Every time Walker tried to sleep, thoughts of the newspapers, of what they’d be saying about him, kept him awake. In the lightless cell, there was nothing to do but cringe inwardly, try to think of an answer, and hear the occasional telephone ring coming through the half-open door to the sheriff’s office.

“Deputy?” The voice was so low, he could barely make it out. “Frank Ford, military intelligence. Here about Walker.” The deputy said something in response. “ID? Of course.”

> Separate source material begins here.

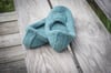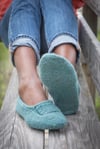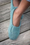 Harrisville Highland is a fairly springy, durable, woolen-spun, 2-ply worsted weight yarn. I chose this yarn for the sample because it’s hard wearing, has good memory, is fairly inexpensive, and comes in a wide range of beautiful colours. The woolen-spun structure gives a light, cushy, cohesive fabric for a comfortable surface under your feet. Though the yarn starts out a bit crunchy, it softens with washing and wear. If you’re substituting another yarn for this project, look for a wool or wool blend with good memory that feels comfortable on your feet and gives a solid fabric at the pattern’s gauge. Merino and superwash merino will work, just be aware that the finer fibres won’t stand up to wear as well as stronger wools.

Beyond the doorway, Walker heard an angry, serpentine hiss and froze. The hissing stopped, followed by a mocking laugh from Ford as he stepped into the unlit cellblock. Walker drew in a deep breath and stayed very still as Ford’s shadowy figure stopped by the bars of the cell. As he’d expected, there was another hiss; he hoped he could outlast whatever the gas was.

After maybe 30 seconds, Ford laughed again and jangled keys at the cell door. As he stepped into the cell, Walker let out his breath, inhaled again, and waited. Ford, humming softly, drew within arm’s reach; Walker jumped up, driving his fist into the man’s gut with all the fury of the past twenty-four hours behind it.

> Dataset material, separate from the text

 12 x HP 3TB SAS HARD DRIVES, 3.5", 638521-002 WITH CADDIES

“What the hell?” Ford snarled as Walker slammed him into the bars. “Goddamn Mason!” Walker kept hitting, them something hard smashed into his skull and he staggered back. Ford hit Walker again, making his head spin, but Walker somehow blocked the next blow and swung a punch of his own. Ford cursed, but then he had Walker pinned against the wall, his arm crushing down on Walker’s throat. Walker clawed at the man’s face without effect, then remembered a trick from his past, thrust a finger into Ford’s nose and pulled. Ford screamed and jerked back as the side of his nose tore, then Walker was on him, pounding him into unconsciousness.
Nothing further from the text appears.